The big win for voting rights activists at the Supreme Court last week came with an equally big asterisk, and provided new reason for jittery liberals and civil rights groups to continue to fret about Chief Justice John G. Roberts Jr.
The justices without noted dissent on May 15 said they would not consider reviving North Carolina’s sweeping 2013 voting law, which had been struck down by a lower court after years of litigation. A unanimous panel of the U.S. Court of Appeals for the 4th Circuit had ruled that the state’s Republican legislative leadership had intentionally crafted the law to blunt the growing political power of African American voters.
The bottom-line importance of the Supreme Court’s pass was clear: the law, opposed by a broad coalition of voting rights groups, civil rights organizations and the Obama Justice Department, cannot be used.
“Today’s announcement is good news for North Carolina voters,” Gov. Roy Cooper (D) said. “I will continue to work to protect the right of every legal, registered North Carolinian to participate in our democratic process.”
But J. Gerald Hebert of the Campaign Legal Center, one of the groups that had fought the North Carolina law, said two things became immediately clear.
First, North Carolina legislative leaders would immediately begin rewriting the law.
They will take pains to avoid some of the ham-handed legislative maneuvers that caused Judge Diana Gribbon Motz, writing for the 4th Circuit panel, to declare that the state had passed a law in the absence of a problem and “restricted voting and registration in five different ways, all of which disproportionately affected African Americans.”
Second, Roberts made it clear the justices were not endorsing the 4th Circuit’s reasoning by passing on the case. His statement was unusual — only on rare occasion during more than a decade on the job has Roberts explained his vote not to take a case — and it sent what seemed to be a signal for states whose laws are challenged to bring them to the Supreme Court.
“He wrote so that people would not get the wrong idea,” said Hans von Spakovsky, senior legal fellow at the Heritage Foundation, who thinks the North Carolina case was wrongly decided.

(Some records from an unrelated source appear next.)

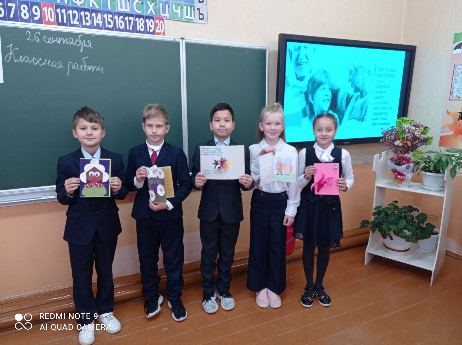 26 сентября в 4 классе прошло занятие «Разговор о важном». Занятие было посвящено ко Дню пожилых людей.Цель занятия: воспитывать у обучающихся третьих-четвертых классов осознание того, что пожилые люди – чьи-то мамы и папы, бабушки и дедушки, много сделавшие за свою жизнь для молодого поколения – нуждаются во внимании и заботе. С учащимися были проведены беседа и интерактивные задания.Известно, что лучший подарок – это подарок, сделанный своими руками. А для пожилых людей самая большая радость – получить подарок, сделанный руками любимых внуков. Было выполнено творческое задание «Открытка в подарок». -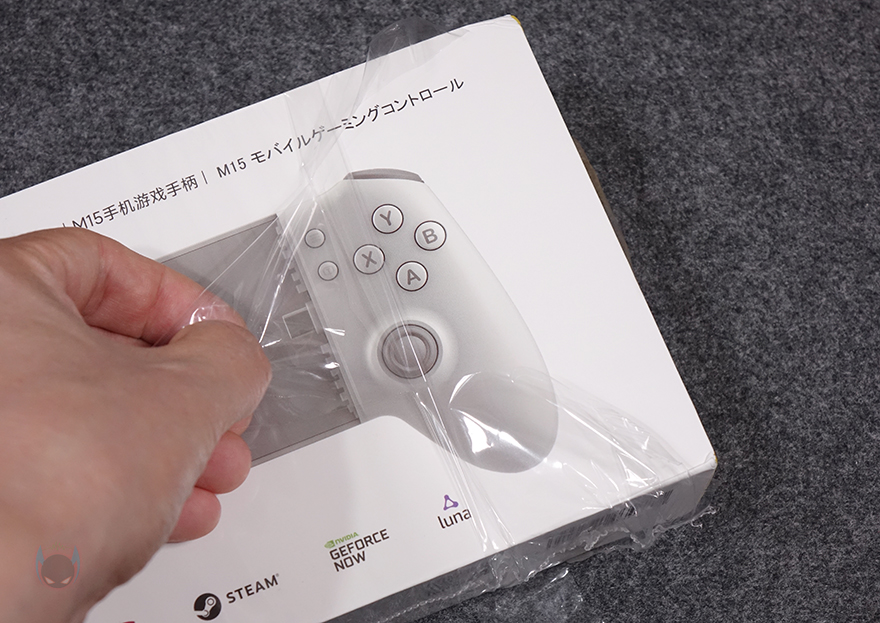 제품 패키지는 박스형태로 박스 전체까지 비닐 밀봉처리가 되어 있어서 소비자 입장에선 판매 제품에 좀 더 신뢰를 가질 수 있습니다. 그리고, 박스 전면에는 풀-샷 이미지로 제품 이미지를 담고 있어서 제품 디자인도 미리 확인이 되죠. 이미지를 통해 양쪽 패드 그립부분이 일반 콘솔용 게임패드와 비슷한 디자인이라는 걸 알 수 있습니다. 그리고, 모델명과 함께 Xboe Game Pass, STADIA, 스팀(Steam), 지포스 나우(Geforce Now), 루나(Luna) 게임플랫폼 호환 표기도 확인할 수 있죠.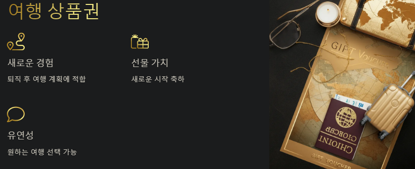 퇴직 후 여행을 계획하는 분들에게는 여행 상품권이 좋은 선택입니다. 새로운 경험을 통해 새로운 시작을 축하할 수 있습니다.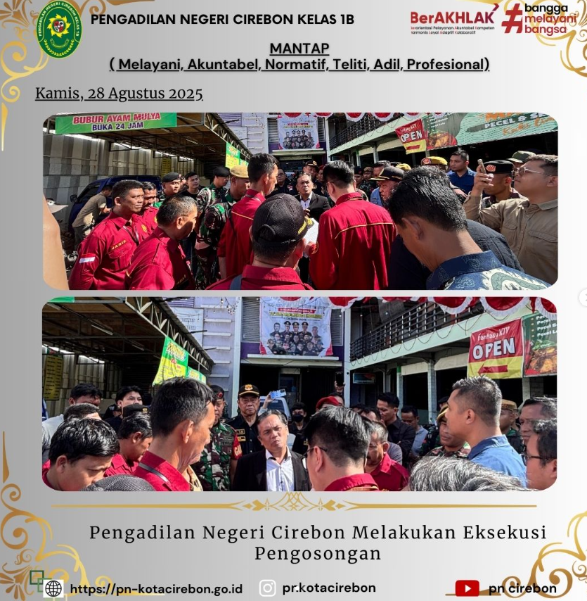 Kamis, 28 Agustus 2025 Pengadilan Negeri Cirebon Kelas I B melaksanakan kegiatan Eksekusi Pengosongan sesuai dengan penetapan pengadilan yang telah berkekuatan hukum tetap. Eksekusi ini merupakan bagian dari pelaksanaan putusan perkara perdata untuk memastikan terpenuhinya hak para pihak sesuai ketentuan hukum.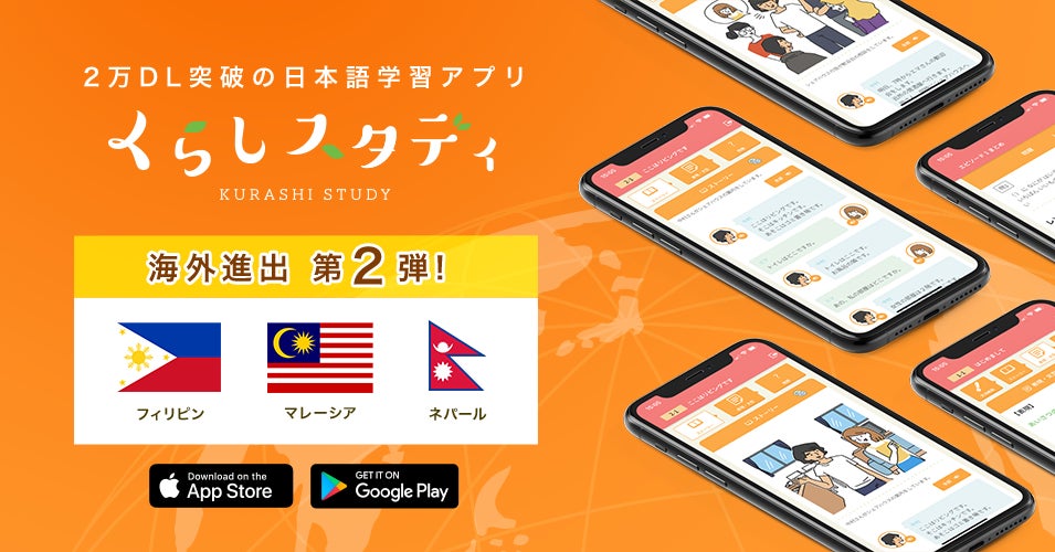 フィリピン・マレーシア・ネパールに初進出!2万DL突破の日本語学習アプリ「くらしスタディ」が海外進出

Roberts spent nearly two pages describing the legal jujitsu surrounding the case: Cooper and the state’s Democratic attorney general wanted to abandon the appeal because they disapprove of the law, the legislature’s Republican leaders wanted the Supreme Court to take it. In the end, Roberts said, that confusion controlled the decision to not take the case and no more should be read into it.
The most pragmatic liberals say that getting the Supreme Court not to take a voting rights case is their preferred path. With Justice Neil M. Gorsuch joining the court, there is likely a five-member majority that sees no constitutional or legal problems in a safeguard like requiring photo-ID or changing the number of days of early voting.

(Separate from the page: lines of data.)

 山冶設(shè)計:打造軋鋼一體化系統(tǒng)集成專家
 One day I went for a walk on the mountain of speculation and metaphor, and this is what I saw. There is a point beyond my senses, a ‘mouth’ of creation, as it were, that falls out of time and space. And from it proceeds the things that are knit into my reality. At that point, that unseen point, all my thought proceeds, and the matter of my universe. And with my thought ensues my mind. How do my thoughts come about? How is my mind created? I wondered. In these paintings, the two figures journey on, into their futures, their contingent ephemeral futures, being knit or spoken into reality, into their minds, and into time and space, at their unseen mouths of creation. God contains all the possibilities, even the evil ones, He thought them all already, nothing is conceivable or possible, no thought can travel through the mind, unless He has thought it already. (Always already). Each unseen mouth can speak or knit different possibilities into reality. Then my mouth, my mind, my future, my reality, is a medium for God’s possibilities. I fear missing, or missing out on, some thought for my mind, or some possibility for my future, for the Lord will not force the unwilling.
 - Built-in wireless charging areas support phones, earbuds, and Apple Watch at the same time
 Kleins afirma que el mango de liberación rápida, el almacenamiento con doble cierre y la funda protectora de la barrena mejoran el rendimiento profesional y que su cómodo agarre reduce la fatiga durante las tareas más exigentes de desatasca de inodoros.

And Roberts has led the way. He was part of the majority that in 2008 upheld Indiana’s voter ID law. As he often does in cases with political implications, he chose liberal Justice John Paul Stevens as the majority member to write the opinion. Stevens, who retired in 2010, has since expressed doubt about the outcome.

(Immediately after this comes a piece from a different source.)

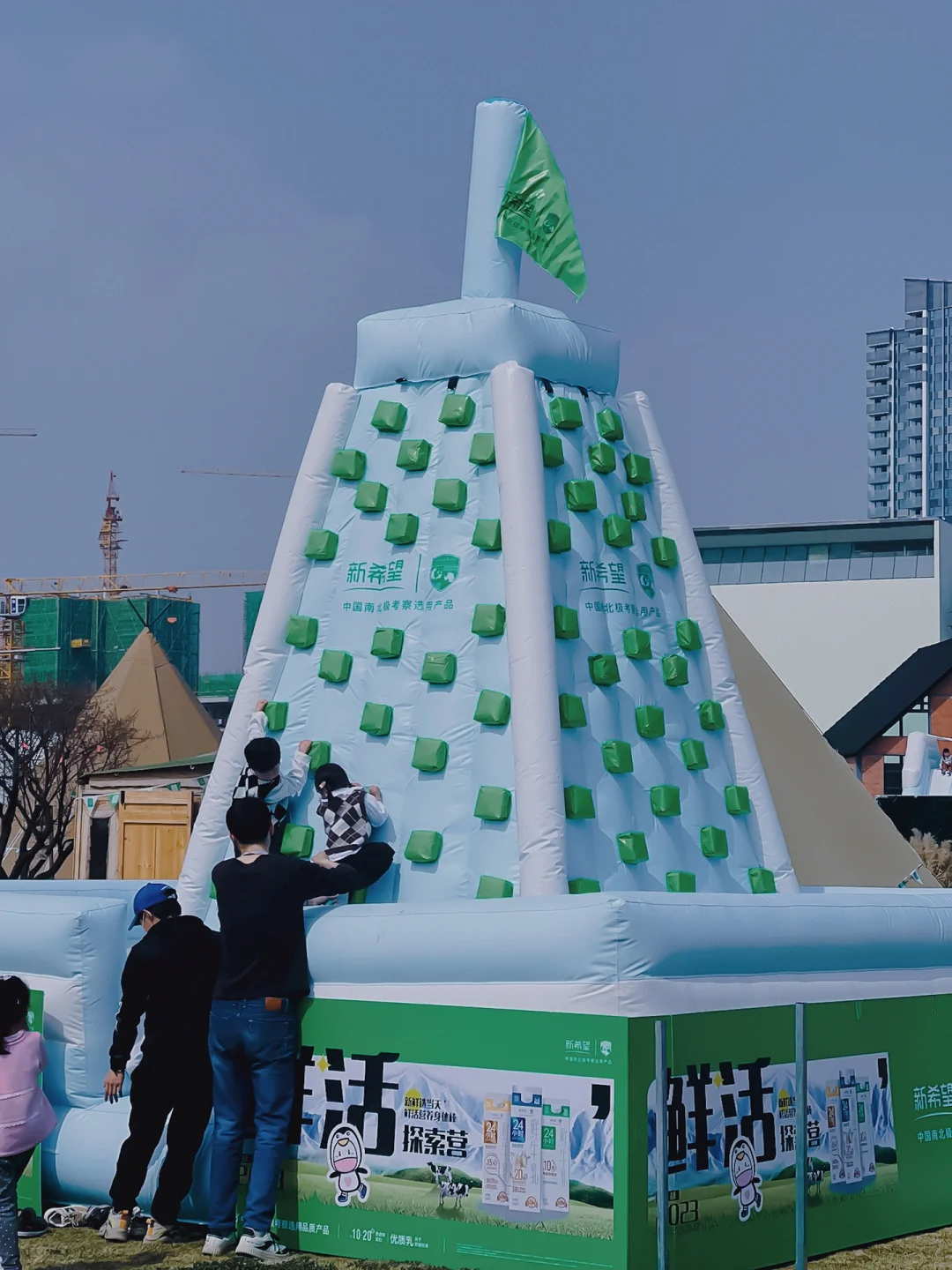 这里是一个非常高的充气攀岩,十分锻炼孩子的胆量

Roberts took the lead in the 2013 decision that struck down a key part of the Voting Rights Act, which effectively freed states, mostly in the South, from having to get federal approval before making changes to election laws.
It was in the immediate aftermath of the decision that North Carolina passed its comprehensive rewrite. Among other things, it imposed the voter ID requirements, cut back on the number of days of early voting and eliminated same-day registration. Motz said legislators knew all of those would harm black voters. The voter ID provision “retained only those types of photo ID disproportionately held by whites and excluded those disproportionately held by African Americans.”
But last summer, Roberts and the court’s other conservatives said they would grant North Carolina’s request to use the law in the fall election while it pursued its appeal of the 4th Circuit decision. That bid failed on a 4-to-4 vote.
Roberts also gave encouragement to Texas earlier this year when it asked the court to overturn a decision by the entire U.S. Court of Appeals for the 5th Circuit that found the state’s voting law discriminatory.
He explained that there was still work left for lower courts to do before the justices considered the law. “The issues will be better suited” for the Supreme Court’s review once that has been completed, he said.
It seems telling that Roberts puts aside his usual reluctance to comment on the court’s decisions on this issue. “He looks at voting rights differently than he does other things,” Hebert said.
There will likely be plenty of chances for Roberts and the court to be more specific. Many states have made changes in their voting laws, and one of them will make it to the Supreme Court.
“I think it’s pretty clear that’s going to happen,” von Spakovsky said.